My Grandmother’s Memoir: Finding Meaning for the Past, Present, and Future

I never really knew my grandmother.

But that all changed when I discovered she had begun writing her own memoir.

It turned out that nine notebooks that made up my grandmother’s memoir had been sent to my mom in Canada from the Philippines several years ago. They were handwritten in English and Tagalog, collecting dust in the garage because my mom was too nervous to unveil their potential secrets.

It was as if my grandmother was announcing that her life, with its triumphs and trials, mattered enough to bear witness to—even if she was not a celebrity or well-known figure. The memoir was her way of saying: I was here.

After getting permission to read the memoir, I couldn’t wait to dig in and finally start piecing together hidden stories that would add context to my life, uncovering why I was raised the way I was, why my parents were raised they way they were, and why their parents were raised the way they were.

As I flipped through the memoir’s pages, I found the classic hallmarks of human existence: tragedy, suffering, love, and inspiration.

Note: My grandmother refers to herself in third-person in her memoir.

There was so much I didn’t know about my grandmother. Like the fact that her dad would nail scraps of old rubber tires to the soles of her shoes, because they couldn’t afford to buy new ones. Or how her family survived World War II by providing haircuts to the Japanese soldiers and fleeing from air strikes.

Neither did I know that her father had been physically abusive, causing her years of suffering until she met and married her husband, who was everything her father wasn’t: wise, soft-spoken, and never laying a finger on any of his children. I teared up when I read how much she missed the only man she had ever loved after becoming a widow.

But despite the chaos and misfortune that would become of her life afterwards, I saw how much her daughter (my mom) brought her hope, pride, and an ounce of stability—a child who was proof that her life had not been wasted.

After reading the memoir, I couldn’t help but feel a profound sense of gratitude.

It was obvious that I was reaping the benefits of the seeds sown by generations before me.

If my grandmother had not rebelled against her father’s insistence that she become a seamstress—because getting an education was apparently “not fit for a woman” in his opinion—she would never have gone on to fulfill her dream of becoming a university professor, raising her children with more financial stability than she grew up with.

My own mom might have never been encouraged to go to university either, where she would eventually meet my dad and together migrate to North America, becoming the first generation in their families to leave the Philippines in possibly decades.

Note: “Tatay” means “dad” in Tagalog.

Now I’m here living in Canada, a blend of the traditional Filipino values instilled in me by my parents and the Western culture that surrounds me. Who would I be if not for the incremental choices made by those before me? I’d be an entirely different person. In fact, I wouldn’t even exist.

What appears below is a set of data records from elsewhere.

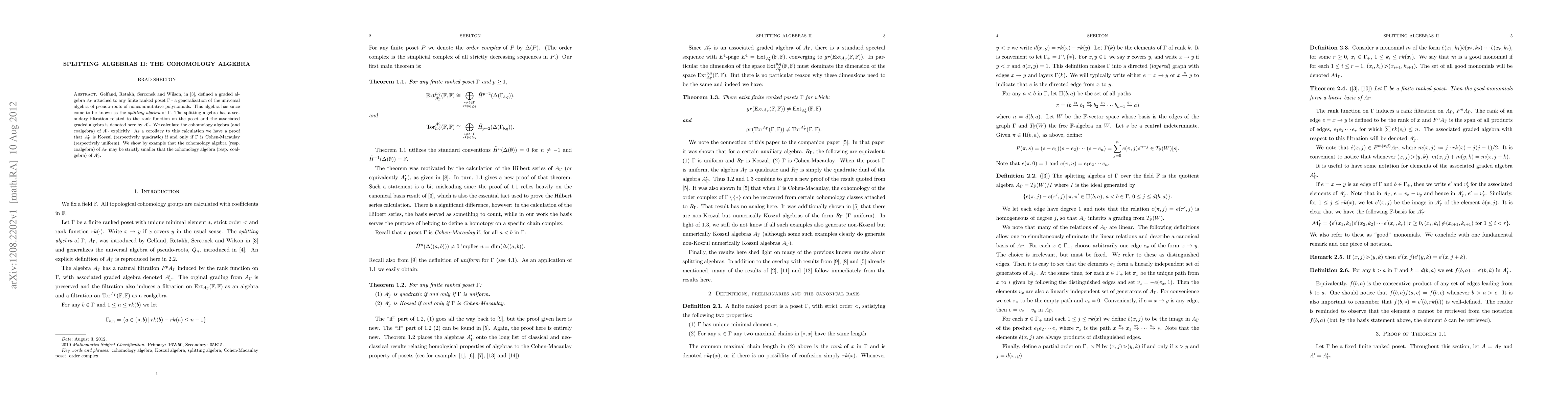 Gelfand, Retakh, Serconek and Wilson, in \cite{GRSW}, defined a graded algebra $A_\Gamma$ attached to any finite ranked poset $\Gamma$ - a generalization of the universal algebra of pseudo-roots of noncommutative polynomials. This algebra has since come to be known as the splitting algebra of $\Gamma$. The splitting algebra has a secondary filtration related to the rank function on the poset and the associated graded algebra is denoted here by $A'_\Gamma$. We calculate the cohomology algebra (and coalgebra) of $A'_\Gamma$ explicitly. As a corollary to this calculation we have a proof that $A'_\Gamma$ is Koszul (respectively quadratic) if and only if $\Gamma$ is Cohen-Macaulay (respectively uniform). We show by example that the cohomology algebra (resp. coalgebra) of $A_\Gamma$ may be strictly smaller that the cohomology algebra (resp. coalgebra) of $A'_\Gamma$.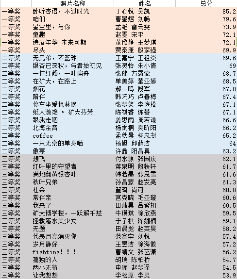 也为同学们精心准备了奖品。参赛小组也是极具创意,其中,有的小组以篮球为主题,拍摄出篮球场上的兄弟情深,有的小组则以学校美丽动人的落叶为素材,展现了矿大独特的美,彰显了矿大独特的魅力。12月24日,经过一个月的作品制作和评委们的公正评选,参赛小组都取得了心仪的成绩,此次比赛也圆满结束了。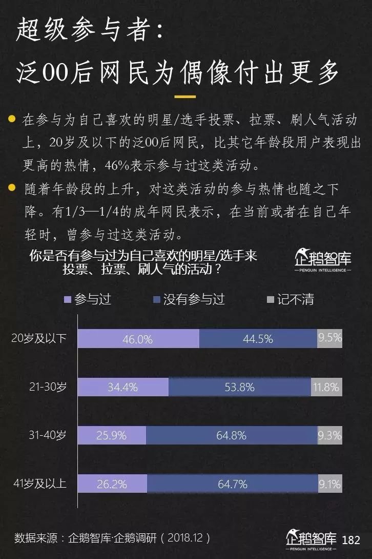 我们看到的现象和数据中,20岁以下年轻群体在追星的热情和消费上,都领先于其他群体,特别是年轻女性。但同样值得我们注意到是,在21-30岁,甚至31-40岁成年人中,关注偶像和为此消费的比例同样可观。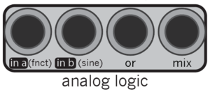 the analog logic is a two channel mixer with a standard unity gain mix out as well as an analog 'or' logic output. the 'or' logic outputs the current highest positive only voltage from either of the inputs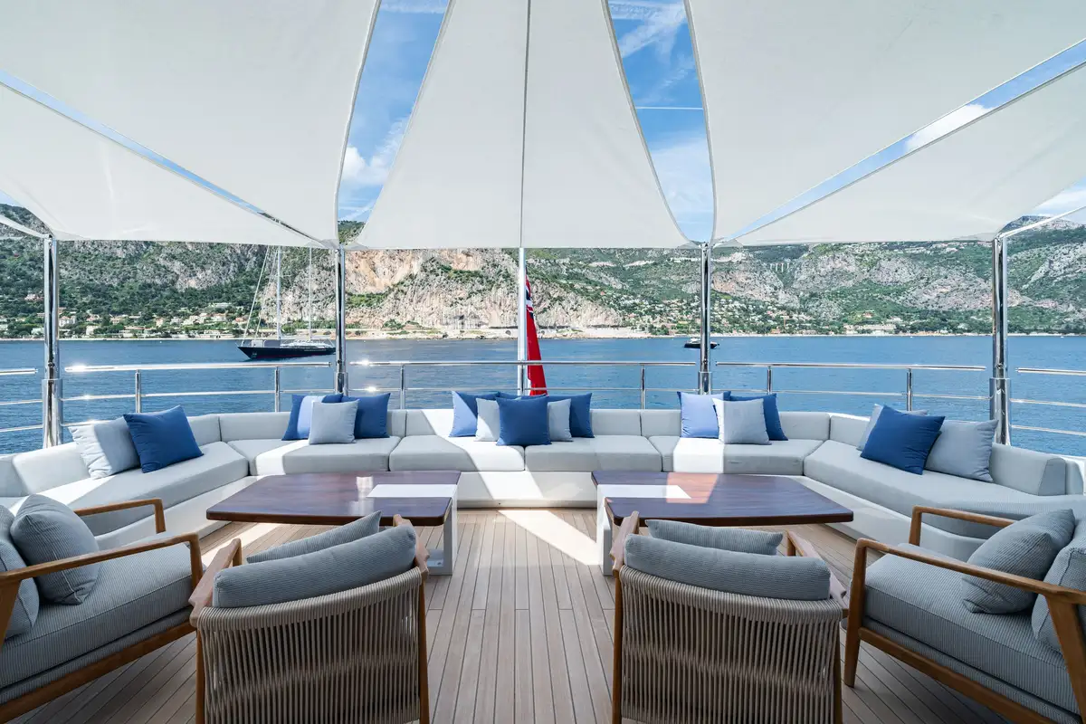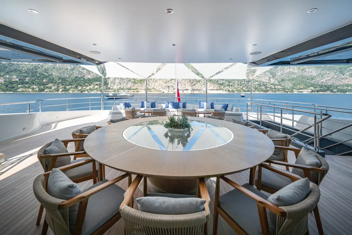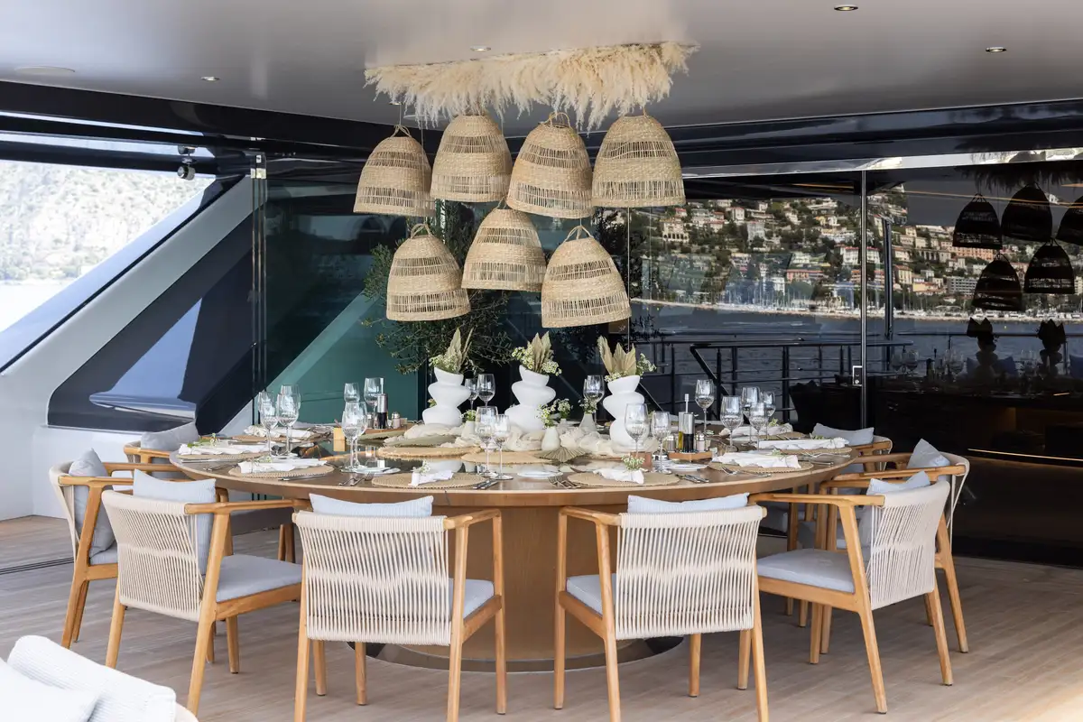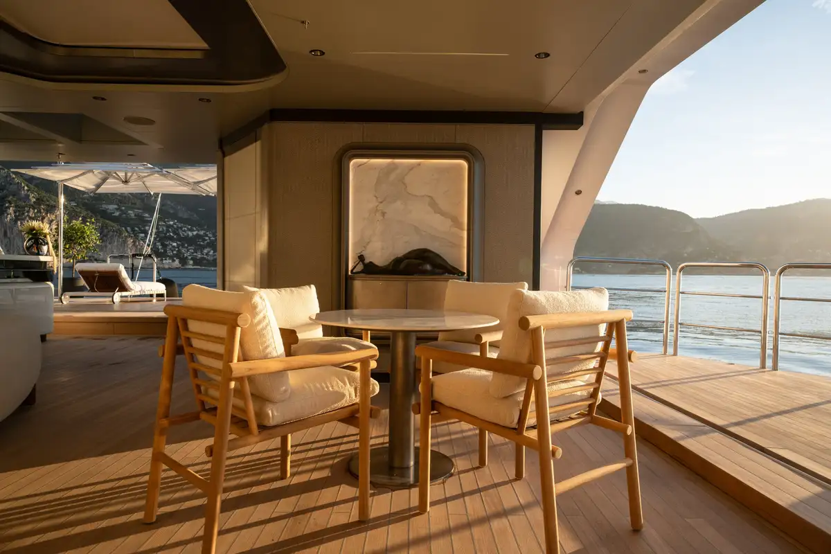 When the time comes to bid goodnight, you can retire to your full-beam master suite, secure in the knowledge that your guests will be equally enthralled by their own suites. There are six double suites and two twin-berth cabins. In the morning, you can draw back the curtains of your picture windows and be greeted by the breathtaking surroundings. But then comes the decision: where will you enjoy your breakfast on this magnificent yacht?

It reminded me of a movie called “Life Itself” (2018), about how every single one of us is a continuation of our ancestors’ story—like a domino effect, with one generation passing on the baton to the next.

Sometimes we pass on cherished family traditions and good values; other times we transfer intergenerational trauma and dysfunctional family patterns. No one gets it perfect. But we all try our best to correct mistaken beliefs, heal past hurts, and pave the way for a better future.

If there’s anything I’ve learned, it’s that our choices really do matter. Just as being born into a wealthy family does not guarantee financial abundance forever, neither does suffering from childhood trauma mean we are doomed forever. We cannot choose our families, which inevitably shape us—but we can choose what we do moving forward.

The ramifications of our actions go far beyond the present, impacting lives other than our own. My grandmother’s decision to overcome the limitations of her circumstances so she could “live her best life” created the foundations on which I would have a shot at living my “best life”—two generations later.

That’s a huge responsibility, but it also means that our lives are inherently meaningful. You and I can be the turning points in our ancestral story, changing the trajectory for generations to come.

So what will you do with the time you’ve been given?

The baton’s in your hands.

– Celine

  1. You’re very lucky to get an insight of your grandmother’s past; reading about your roots and getting a glimpse of why you are who you are today. As an adopted person, I think about this a lot. The past, present and future. My life’s trajectory could’ve gone in many different ways but life chose to bring me to this point. Part of me have regrets, even though it was out of my hands, because I often feel like I don’t belong in this lifestyle. Those who brought me up and sacrificed for me have an idea of what I should be and I don’t feel like I belong. I always wonder about the “what if’s” if things didn’t turn out this way. But you’re right, life is still meaningful, regardless. I guess I have to figure out what to make of it. Thank you for your words.